# Good food too rich?



## SweetSalem (Oct 22, 2010)

The breeder had Salem on Purina One Large Breed Puppy food. Well I know that isn't the "best" food...so I have gradually tried to introduce other brands such as Blue Buffalo,Nature's Recipe, etc. Her poor system just can't take the "better foods". She is horrible diaherra for weeks on it. Vet told me to switch her back to Purina One Large breed Puppy food (Chicken variety). I did and within two days...her stools are "normal" again. 

Has anyone heard of a puppy not being able to digest "good" food? If so what did they do?


----------



## Emoore (Oct 9, 2002)

How slowly are you switching? 

Most people's definition of switching slowly is taking a week or two, but it can take a month.


----------



## LaRen616 (Mar 4, 2010)

Sometimes Blue Buffalo is too rich for their system.

My cousin had to take her Rott off of Blue Buffalo because it gave him alot of bad gas.


----------



## Denali Girl (Nov 20, 2010)

There are people on here that have had that same problem I think? The bottom line is you just need to feed the food that works best for your dog weather it has grains or not. 

My problem was trying to find a food that the dog would actually eat, her poops are fine though with the "richer" foods so far.


----------



## SweetSalem (Oct 22, 2010)

I switch over a two week time period.... She was on Blue Buffalo for two months...and still wasn't good.

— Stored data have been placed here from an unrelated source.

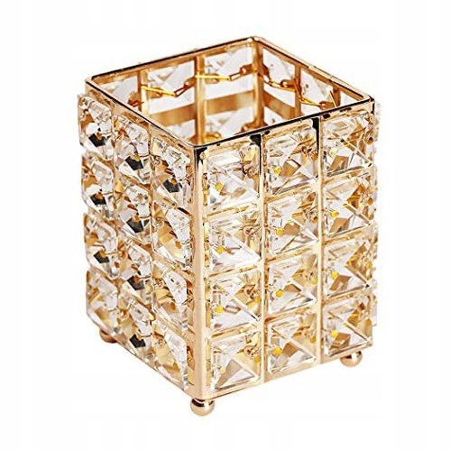 Стильний органайзер у гламурному стилі для пензлів для макіяжу, аксесуарів і косметики. Художньо виготовлена ємність, крім того, що радує око і є неймовірною прикрасою туалетного столика, ще й практична. Ви можете зберігати пензлі для макіяжу, різні види косметики у вигляді олівців, а також повсякденні речі, такі як ручки, ножиці та інші дрібниці. Виготовлена з міцного ABS-пластику, що імітує кришталь і алюміній. Його гарний зовнішній вигляд означає, що він може прикрасити як туалетний столик, ванну кімнату, так і вітальню. Його також можна використовувати як свічник.
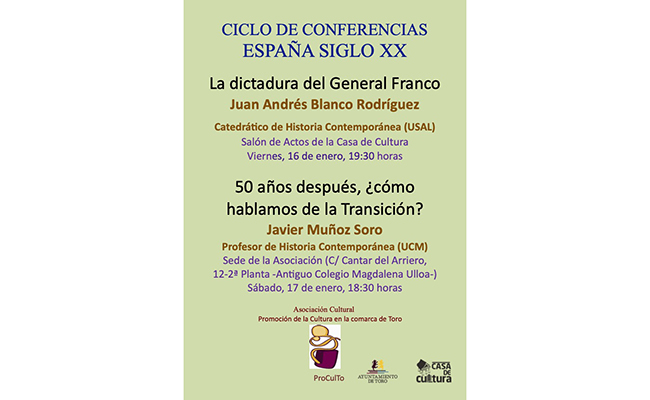 La Asociación Cultural Promoción de la Cultura en la comarca de Toro organiza un ciclo de conferencias sobre la Historia de España del siglo XX de la que forman parte dos conferencias que se desarrollarán el viernes y el sábado. Más adelante seguiremos con otros períodos y aspectos de la historia de este país durante la centuria pasada.
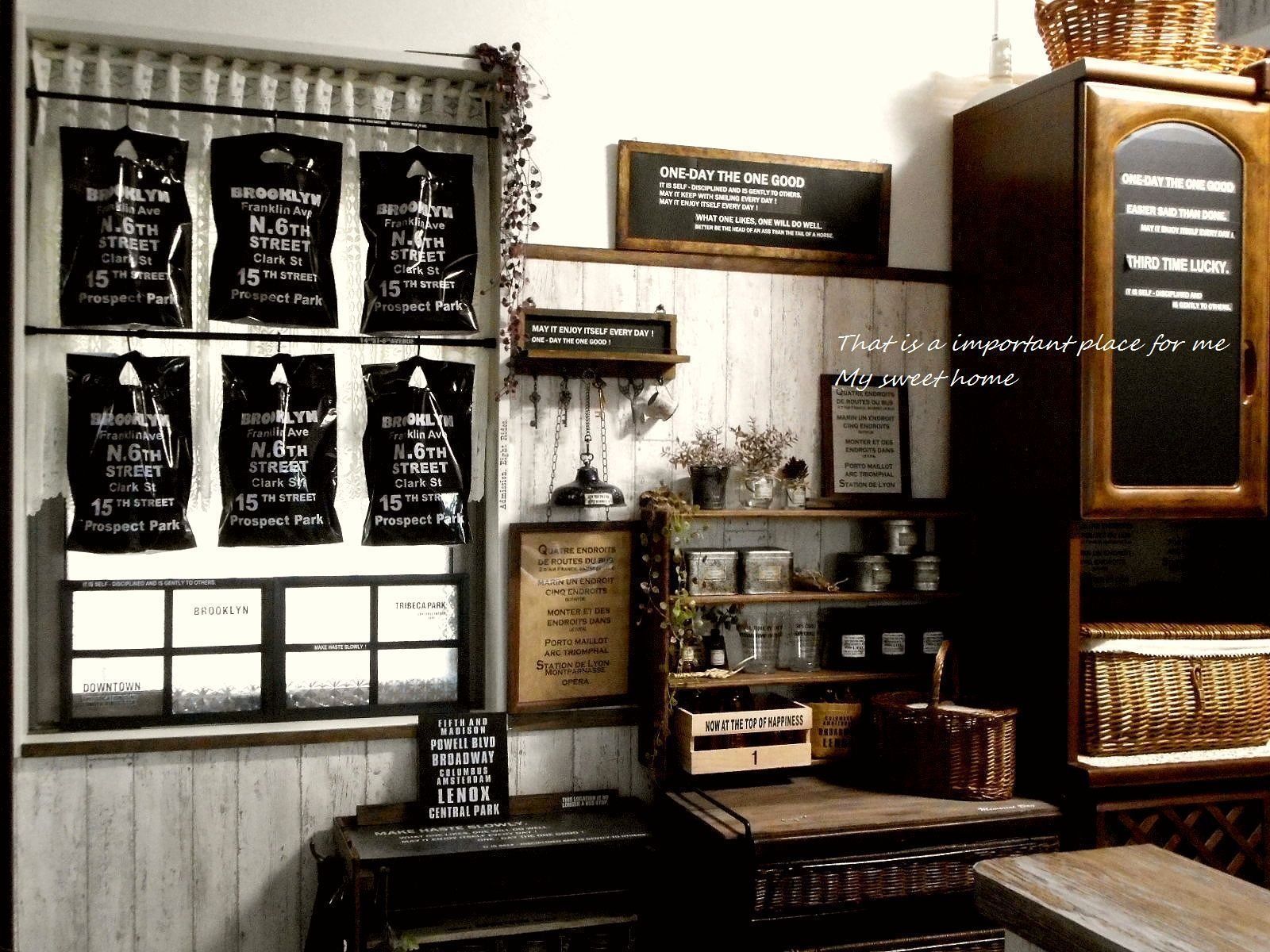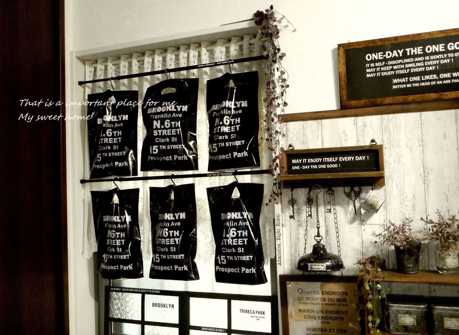 ブロガーの我が家さんは、窓枠内のデッドスペースに突っ張り棒を取り付け、セリアのビニール袋をかけて壁面収納をつくりました。ビニール袋の中には、排水溝ネットや替えのフィルター、ゴム手袋など、さっと取り出したい軽いものをしまっています。突っ張り棒とビニールの色を黒で統一した、カッコイイ魅せる収納ですね!
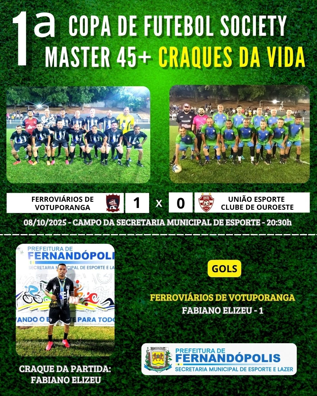 Em seguida, o time dos Ferroviários de Votuporanga enfrentou o União Esporte Clube de Ouroeste e garantiu a vitória por 1 a 0. O gol da partida foi marcado por Fabiano Elizeu, que também recebeu o título de craque do jogo.
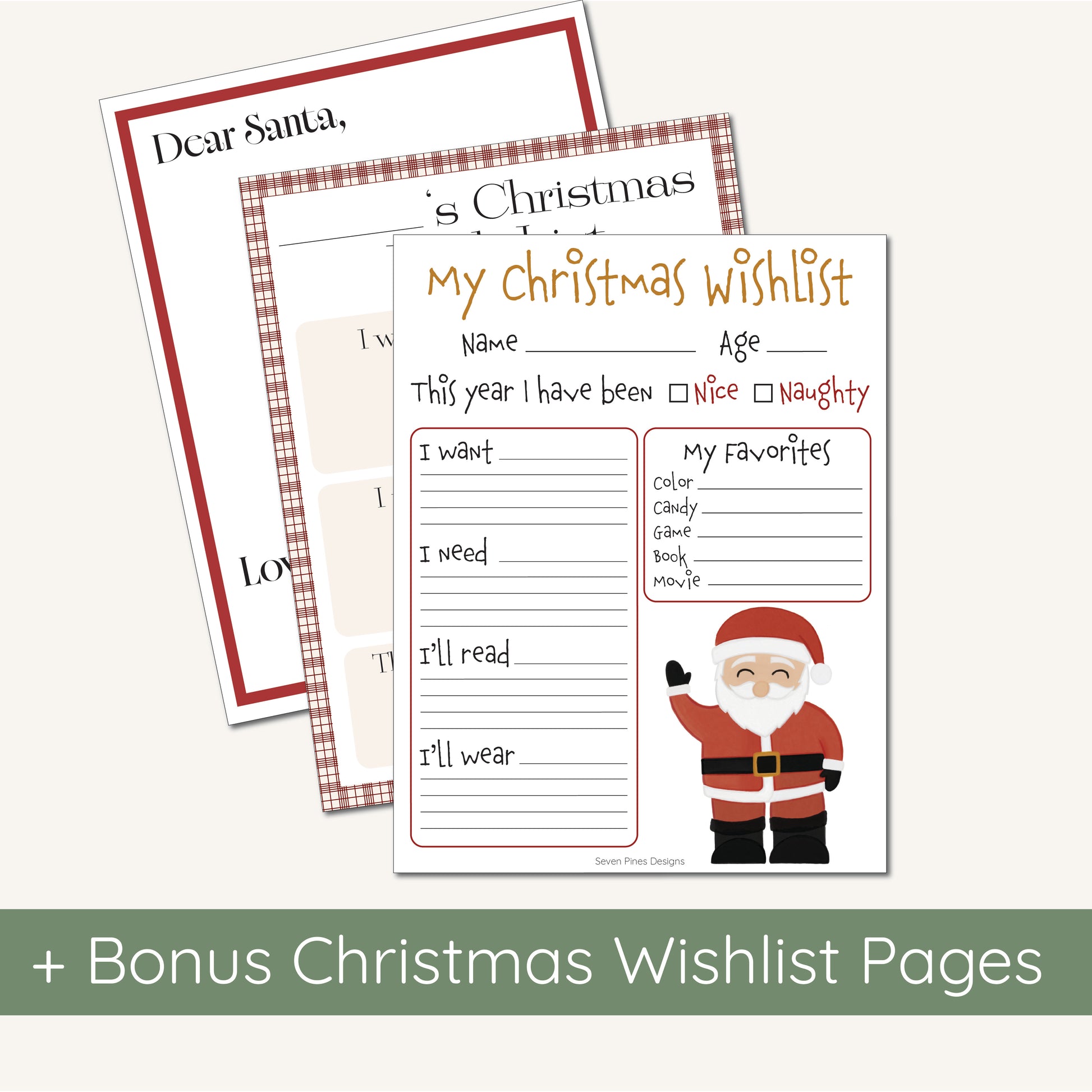 - Bonus: 3 different styles of Christmas Wishlist pages for your little ones to fill out and to easily share for gift exchanges
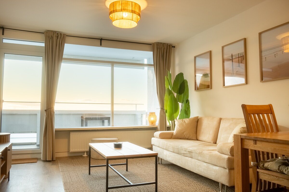 - ¡Vistas al mar, sauna y comodidad pura! - Comienza el día con el amanecer en el amplio balcón, todo ese hermoso sol de la mañana. - A solo 5 minutos a pie a través del parque hasta la playa. - Sala de estar y comedor luminosos, cocina moderna, 1 dormitorio (cama tamaño king + sofá cama). - Wifi rápido, ideal para tu trabajo. - Estacionamiento privado y acceso a la cancha de tenis incluidos; piscina disponible por una pequeña tarifa. - Sauna privado en la terraza con vista al mar: ¡tu refugio personal junto a la costa!
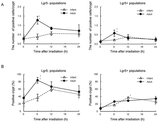 Age-dependent mitotic index after radiation exposure in intestinal crypts from Lgr5-eGFP-ires-CreERT2 mice. (A) Number of phospho-histone H3-positive cells per crypt as a function of time after irradiation. Data are from Lgr5- populations (left) and Lgr5+ populations (right) in the intestinal crypt. Data are presented as means ± SD from three mice. Experiments were performed in duplicates. A one-way ANOVA was used to evaluate differences in means among groups. * p < 0.05 vs. the non-irradiated group. † p < 0.05 vs. the infant group at the same time point after irradiation. (B) Percentage of crypts containing phospho-histone H3-positive cells as a function of time after irradiation. Data are from Lgr5- populations (left) and Lgr5+ populations (right) in the intestinal crypt. Data are presented as means ± SD from three mice. Experiments were performed in duplicates. A one-way ANOVA was used to evaluate differences in means among groups. * p < 0.05 vs. the non-irradiated group. † p < 0.05 vs. the infant group at the corresponding time point after irradiation.

I have also tried "grain free" Chicken and Sweet Potato and Pumpkin...that stuff was horrible...she couldn't even control her bowls hardly even when switching 85% old food and 15% new "grain free".


----------



## GSDElsa (Jul 22, 2009)

How long have you been introducing the food? Go even slower if you have to. Also, have you tried to introduce pumpkin into the food to help firm up her stools? You can also try a mixture of water/slippery elm/pumpkin about an hour before you feed her to calm her stomach a bit.

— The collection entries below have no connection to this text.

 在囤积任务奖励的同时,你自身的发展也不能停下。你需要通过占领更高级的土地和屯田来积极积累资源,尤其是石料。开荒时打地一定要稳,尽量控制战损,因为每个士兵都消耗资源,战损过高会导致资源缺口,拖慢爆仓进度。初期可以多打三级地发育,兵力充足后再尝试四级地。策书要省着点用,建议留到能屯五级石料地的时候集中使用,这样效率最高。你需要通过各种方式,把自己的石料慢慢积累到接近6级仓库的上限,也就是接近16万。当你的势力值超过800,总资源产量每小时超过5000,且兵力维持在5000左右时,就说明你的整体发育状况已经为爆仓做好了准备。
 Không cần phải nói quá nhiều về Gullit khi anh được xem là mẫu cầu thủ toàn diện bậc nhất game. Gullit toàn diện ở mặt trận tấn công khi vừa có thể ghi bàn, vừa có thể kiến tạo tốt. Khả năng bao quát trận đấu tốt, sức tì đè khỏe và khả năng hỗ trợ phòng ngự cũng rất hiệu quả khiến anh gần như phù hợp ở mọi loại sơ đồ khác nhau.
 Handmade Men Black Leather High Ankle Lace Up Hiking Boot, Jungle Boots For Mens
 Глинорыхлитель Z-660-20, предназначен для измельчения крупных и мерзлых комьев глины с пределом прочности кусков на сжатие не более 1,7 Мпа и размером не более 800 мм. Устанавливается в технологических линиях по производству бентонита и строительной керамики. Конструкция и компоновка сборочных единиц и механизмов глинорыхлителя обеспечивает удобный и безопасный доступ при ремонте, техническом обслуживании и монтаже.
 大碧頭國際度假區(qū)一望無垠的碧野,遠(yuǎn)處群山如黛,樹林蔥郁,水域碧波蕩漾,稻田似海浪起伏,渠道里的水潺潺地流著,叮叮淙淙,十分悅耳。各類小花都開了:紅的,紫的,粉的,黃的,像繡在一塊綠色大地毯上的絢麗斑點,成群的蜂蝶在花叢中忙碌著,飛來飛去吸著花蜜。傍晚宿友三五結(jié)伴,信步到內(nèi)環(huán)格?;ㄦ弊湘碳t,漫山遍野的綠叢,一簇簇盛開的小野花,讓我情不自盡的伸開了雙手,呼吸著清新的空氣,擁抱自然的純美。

It could just be you haven't found the right food to switch her to. Speaking from someone with a GSD of the weak stomach variety--finding a food can be a pain in the BUTT! But once you find a GOOD QUALITY food that works you'll never go back.

One food that I ALWAYS recommend these days is Natural Balance. It's certainly not the shining star of grain free foods, but it has worked amazingly well for me with dogs with weak tummies. It's a limited ingredient food--and I personally think the best on the market. They do a LID like no one else. If you get her on one of the NB foods then you can try switching over to something else that has similar ingredients down the road.

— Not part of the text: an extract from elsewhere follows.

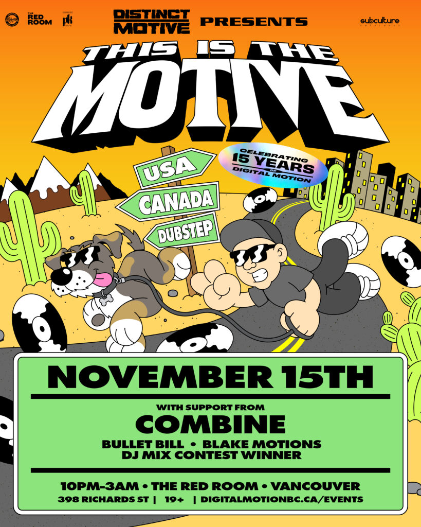 DIGITAL MOTION 15YR ANNIVERSARY SHOW: – THIS IS THE MOTIVE TOUR – DISTINCT MOTIVE [Deadbeats, DDD, Drama Club – Ontario] https://linktr.ee/distinctmotive with COMBINE [UKF / DDD / DEADBEATS / BASSRUSH] – Vancouver debut! https://soundcloud.com/ken_combine ++ support from BULLET BILL [DIGITAL MOTION] https://www.instagram.com/djbulletbill ++ BLAKE MOTIONS [DIGITAL MOTON] https://www.instagram.com/blakemotions + MIX CONTEST WINNER The notorious Red Room PK Sound system will be […]
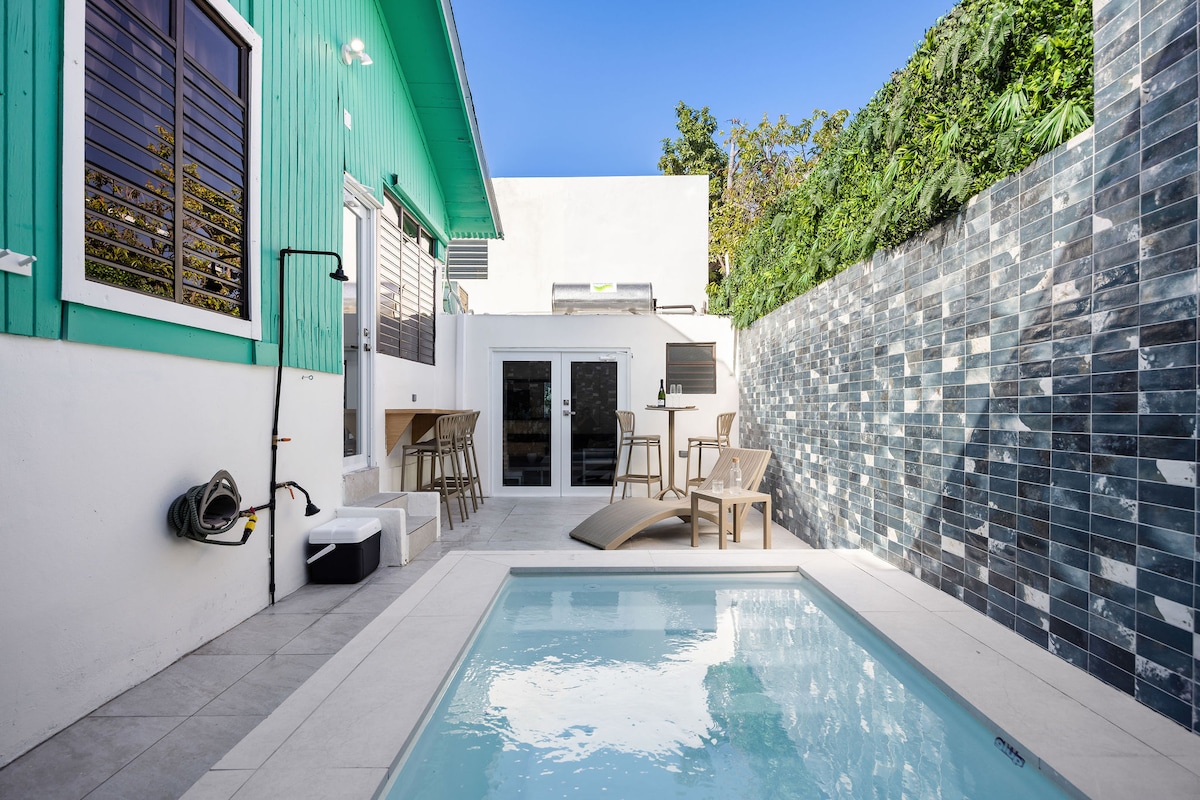 Þessi fullkomlega einka strandeign er hönnuð sérstaklega fyrir pör sem leita að rómantísku afdrep. Njóttu fulls aðgangs að einkasundlaug, garðskála, verönd og svítu á jarðhæð. Engin sameiginleg rými, engar truflanir, bara þið tvö í suðrænu afdrepinu ykkar. Smekklegt eldhús, rúmgóð stofa, notaleg verönd umkringd plöntum, einkabílastæði og þægindi fulls rafals og 500 lítra vatnstanks. 50 skref frá bestu ströndum Isla Verde nálægt Fairmont og Ritz-Carlton.

Purina is a really poor quality food...I always feel like the lower the quality, the harder it can be to switch to a better quality because their systems almost get shocked with the better food. So it can take twice as long to get them on a new food with consistent results.


----------



## GSDElsa (Jul 22, 2009)

SweetSalem said:


> I switch over a two week time period.... She was on Blue Buffalo for two months...and still wasn't good. I have also tried "grain free" Chicken and Sweet Potato and Pumpkin...that stuff was horrible...she couldn't even control her bowls hardly even when switching 85% old food and 15% new "grain free".


Are you talking about chicken/sweet potato/pumpkin home cooked meal? Or a specific food that had those in it?

If she had horrible poops on chicken I would think she has a chicken sensitivity or allergy. Purina has such a small amount of actual meat in it it could not be bothering her in that food.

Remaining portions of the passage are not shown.